Once-in-a-generation opportunity to tackle Scotland's health inequalities post-pandemic, say team of experts
The Covid-19 pandemic offers a once-in-a-generation opportunity to invest in Scotland’s health services and reduce health inequalities, a sweeping new report has found.
A joint commission from the Lancet medical journal and London School of Economics has produced some of the most comprehensive analysis of the UK’s pandemic response so far.
It highlights how population health lags behind that of other high-income countries, and points to low funding, limited social care resources and health inequalities as key factors.

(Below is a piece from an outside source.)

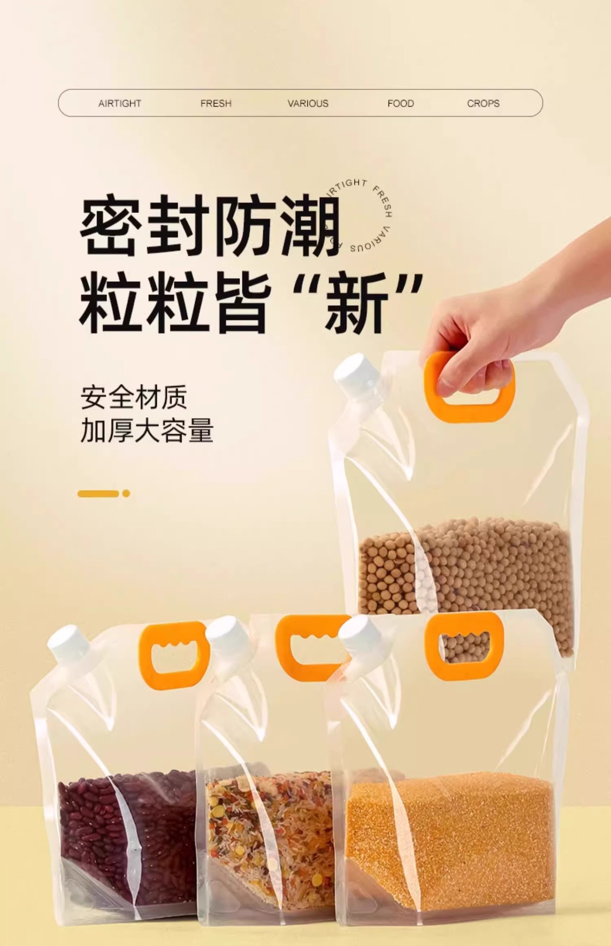 Герметичные пакеты для хранения зерна, влагозащитные, защищенные от насекомых, прозрачные, утолщенные, с ручками, для домашнего использования, подходят для хранения красной фасоли и риса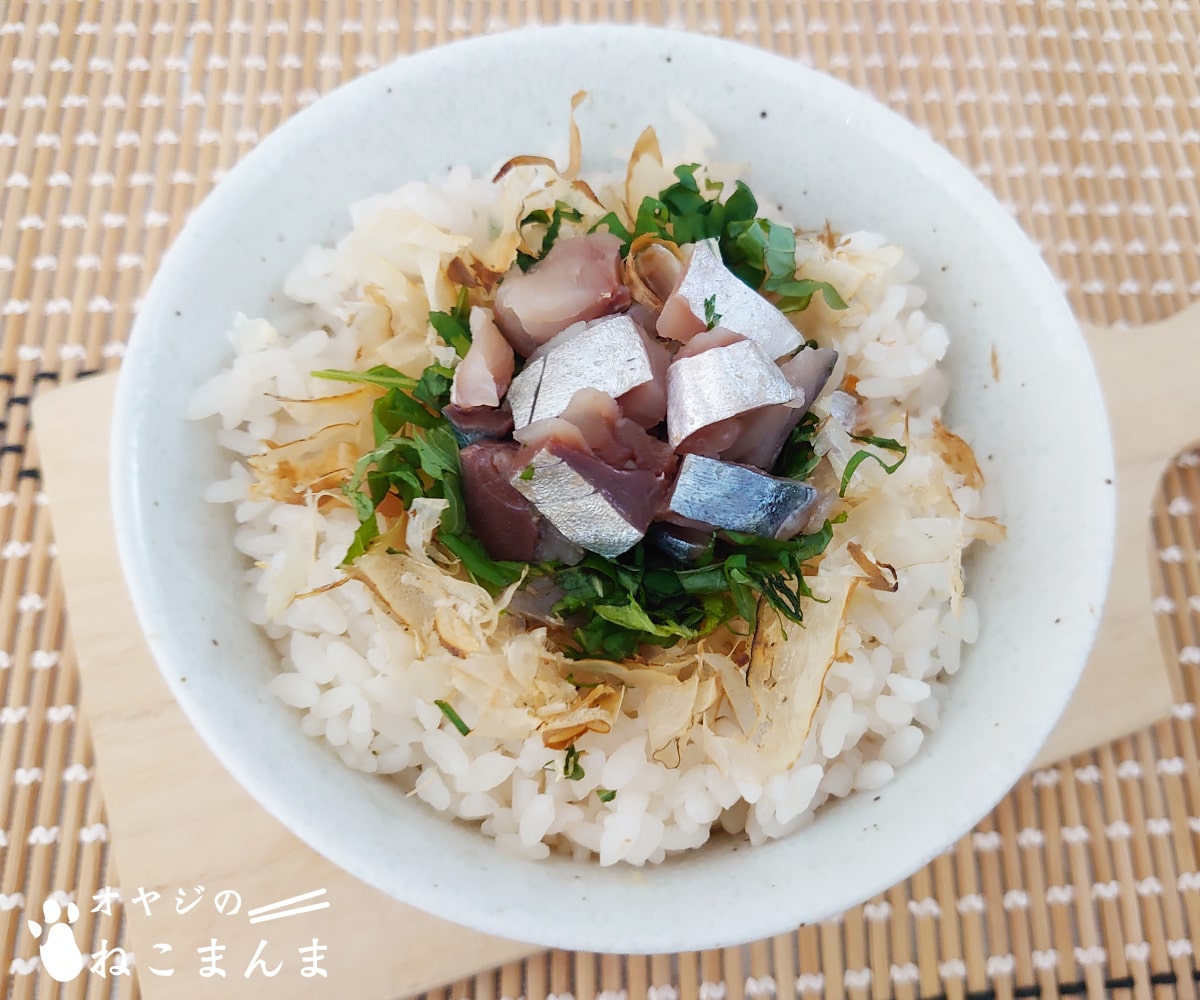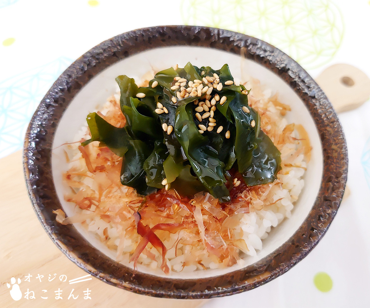 茶碗(丼)にご飯を盛って、かつお節をのせる。

The commission, made up of 33 leading research, policy, management, and clinical experts from the four nations, calls for increased taxes to fund the NHS, a focus on recruitment and retention of staff, and better integration between health and social care.
Their research highlights inequalities between Scotland and other UK nations, with life expectancy lower in Scotland.
Scotland, Northern Ireland and the North of England also have worse oral health and higher rates of oral cancer, which the report attributes to higher rates of deprivation.
Health inequalities are related to politics, history, environment, and services, the commission’s report states, and while the NHS cannot address all underlying societal issues the authors argue it should be able to improve access to services.
The pandemic has highlighted these inequalities, with the greatest effects and highest mortality rates in deprived areas.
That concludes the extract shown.